The upcoming IntelliJ IDEA 2018.1 gives you the ability to quickly find a problem in your code. The IDE now highlights the folded code regions that contain errors or warnings, and colors such blocks according to their validation status.


The IDE also highlights the folded code regions if they contain any matching occurrences when you search through the current file.


When you place the caret on an identifier, and the IDE highlights its usages you can now use the new Alt + Wheel down or Alt + Wheel up shortcuts to jump to the next or previous identifier occurrence.


Project Configuration

There is a new Include dependencies with “Provided” scope option for the Application and Spring Boot configurations in the Run/Debug Configurations dialog. This new feature allows you to add “provided” dependencies to the classpath when needed. Please note that the Include dependencies with “Provided” scope option is enabled by default for the Spring Boot applications.

The upcoming IntelliJ IDEA now gives you the ability to change qualified names for several modules at once by using the new Change Module Names… action from the context menu of the Project Structure dialog.


Replace Improvements

The upcoming IntelliJ IDEA 2018.1 has the ability to preview a regex replacement in the Replace in Path window.


Structural Search Enhancements

We have improved our Structural Search feature to give you the ability to find method calls to annotated methods. In the Structural Search dialog, you can create your own search template or choose from the existing search templates. In the following example, the Structural Search finds all method calls to methods marked as @Deprecated.




For Groovy files and modules a new refactoring action is available from the context menu in the Refactor | Convert to @CompileStatic.
The Convert to @CompileStatic action annotates every groovy class in the scope of the @CompileStatic annotation.

2018-02-27 18_05_36


Here is some long-awaited news for Android Developers! The upcoming IntelliJ IDEA 2018.1 merges the changes from Android Studio 3.0 and brings in dozens of new features, with the following major new ones:

First of all, IntelliJ IDEA now supports the latest Android Oreo APIs, and lets you build Java 8 Android applications, as well as Kotlin Android applications.

Furthermore, now the IDE supports Gradle 3.0.0 for Android applications.

The Layout Editor has been improved: a new toolbar layout and icons, updated layouts in the component tree, a new error panel and more.


Now you can create App Icons with the updated Image Asset Studio. Right-click the res folder in your Android project, and select New | Image Asset from the context menu. In the Asset Studio window, select Launcher Icons (Adaptive and Legacy) as the icon type.
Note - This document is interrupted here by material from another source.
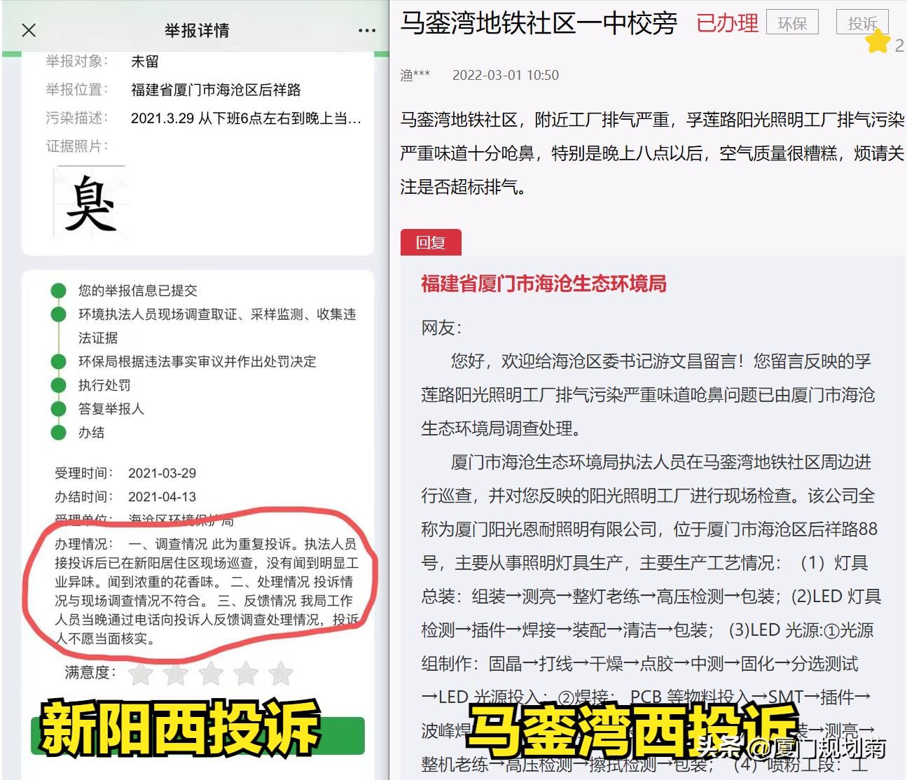 再看下外因影响。一中海沧校区位于马銮湾西片区,南侧为新阳西所在新阳工业区,西侧为生物医药港(东孚工业区、孚新工业区)。工业区有潜在的空气问题投诉。查询2单有投诉空气后续核实反馈是花香或者并未发现污染。

The IDE now supports the ability to build Instant Apps – lightweight Android apps that can be run without installation. To start building Instant Apps, make sure that the Instant Apps Development SDK is installed. You can check which SDK tools are installed if you need to in Preferences | Appearance & Behaviour | System Settings | Android SDK in the SDK tab.



The new Device File Explorer Tool Window displays the file and directory structure of your Android device or emulator. Use the Device File Explorer Tool Window to view, copy or delete files on an Android device. You can access it through View | Tool Windows | Device File Explorer.


The upcoming IntelliJ IDEA 2018.1 has also merged the Android Profiler, a brand new suite of profiling tools that provide real-time data for your app’s CPU, memory, and network activity.


To learn more, please refer to the Android Studio Release Notes.

Version Control System

One of the highlights of the upcoming release is the support for partial Git commits (git add -p). IntelliJ IDEA now provides you with the ability to associate the code chunks with a changelist. Create a changelist, put all the needed code chunks there and then commit it. The IDE now commits only the selected changes from the file and skips all other changes.

To add the needed code chunks to a commit – use the checkboxes in the gutter in the Diff pane of the Commit Changes dialog.


To move the code chunks between changelists use the Move to another changelist action from the context menu of the Diff pane in the Commit Changes dialog.


As another option, the IDE gives you the ability to add code chunks to a changelist from the editor by simply clicking on a change marker in the gutter.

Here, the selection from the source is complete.